新鮮な食べ物やよく冷えたドリンク。飲食店において、お客様の満足度を高めるために重要な役割を果たす機材の一つに「冷蔵庫」が挙げられます。キッチンなどで大きな存在感を持つ冷蔵庫ですが、飲食店に導入される業務用冷蔵庫にはどれくらいのコストがかかるのでしょうか?

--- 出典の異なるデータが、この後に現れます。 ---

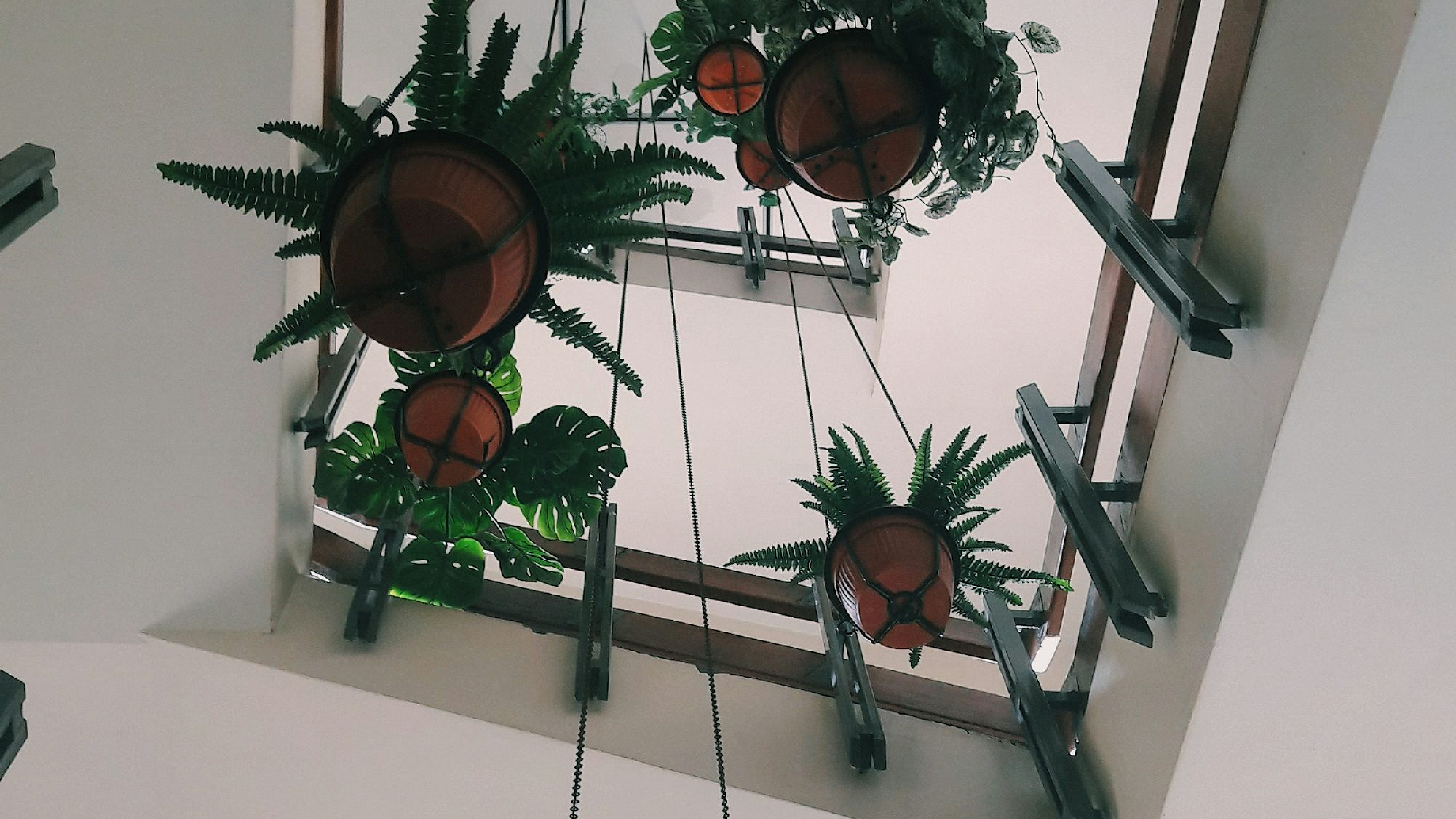 low angle, hanging plants, plant pots, ceiling, photography, wallpaper, green, nature, indoor plants, home decor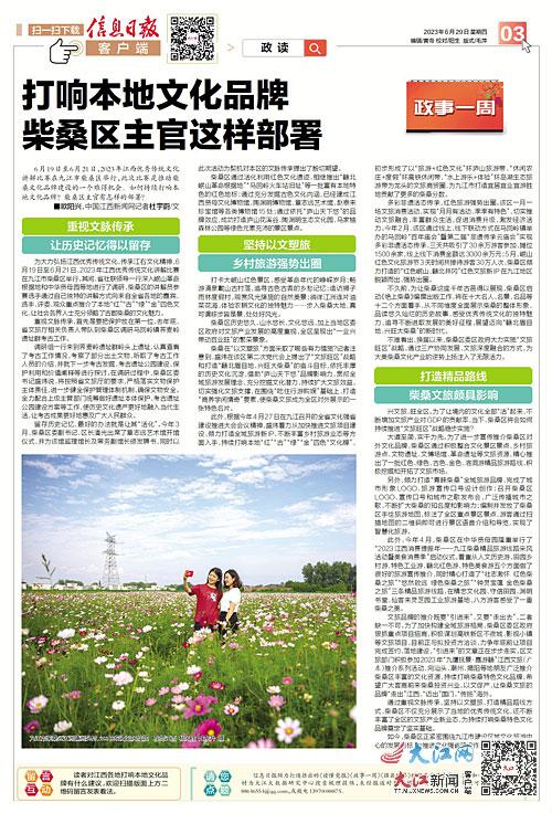 6月19日至6月21日,2023年江西优秀传统文化讲解比赛在九江市柴桑区举行,此次比赛是推动柴桑文化品牌建设的一个难得机会。如何持续打响本地文化品牌?柴桑区主官有怎样的部署?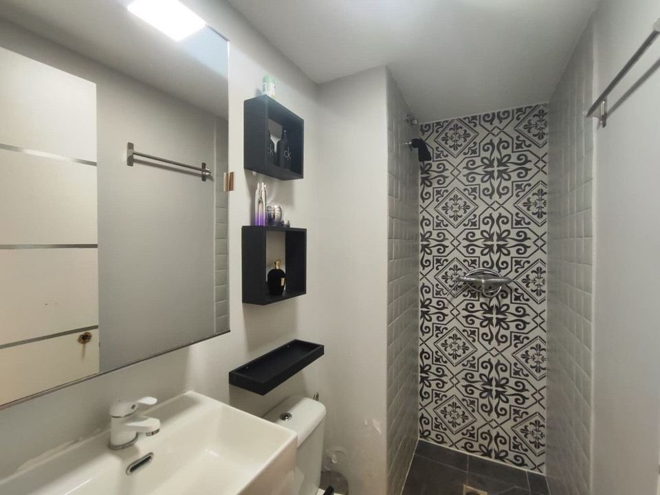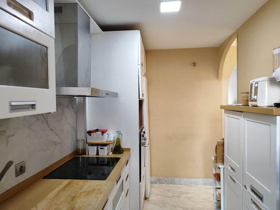 It features a very bright living room with access to a terrace, a fully renovated independent kitchen with utility room, and a convenient guest bathroom with a walk-in shower.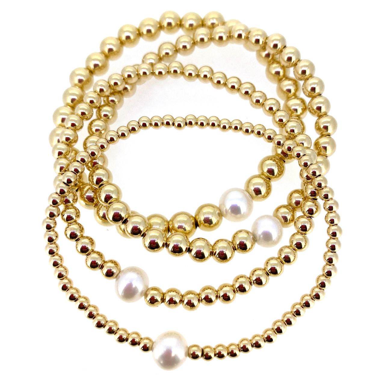 Custom wishlist OK Add to wishlist Add to compare list 1/20 14K Gold Filled Smooth Beaded Stretchy Bracelet with Freshwater Pearls - 6.5" SKU : 721003GF Currently Available bead size: 3mm, 4mm ,5mm and 6mm $28.00 Add to cart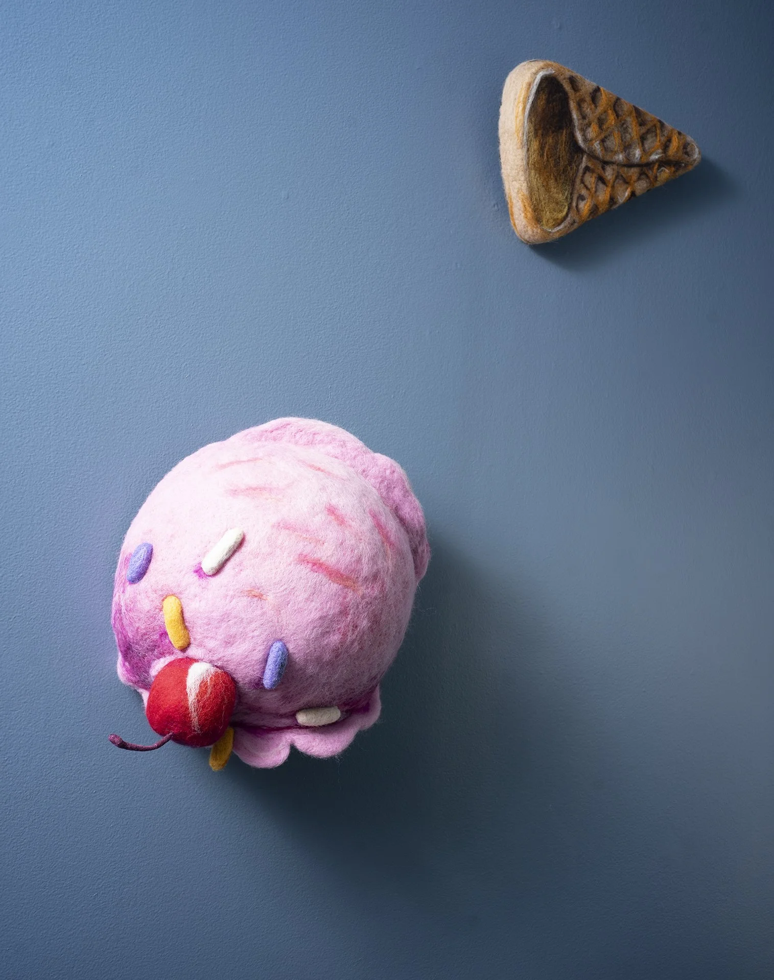 PBJ, 27x25x8", wool felt, styrofoam from Risa’s 2024 exhibition, ‘It’s No Picnic’. Photo by Brandon Joseph Baker.

本記事では経費を削減しつつ、あなたのお店にぴったりの業務用冷蔵庫を選ぶために知っておきたいポイントについてご紹介します。

業務用冷蔵庫とは?

「業務用冷蔵庫」と一言で言ってもさまざまな種類があります。例えば、冷凍機能と冷蔵機能の両方を兼ね備えたものもあれば、どちらかだけの機能に特化しているものもあります。 またホテルや食堂などで目にするような、扉が透明で中に入っているものが分かるような「冷蔵ショーケース」と呼ばれるものもあります。

ここでは業務用冷蔵庫の種類や家庭用冷蔵庫との違いについてご紹介します。

業務用冷蔵庫の種類

先ほども述べたように、「業務用冷蔵庫」にはさまざまな種類があります。多くの飲食店で導入されているのが「縦型(冷凍)冷蔵庫」と「コールドテーブル」の2種類です。

縦型(冷凍)冷蔵庫

縦型(冷凍)冷蔵庫はその名前の通り、上下にドアがついている冷蔵庫のことです。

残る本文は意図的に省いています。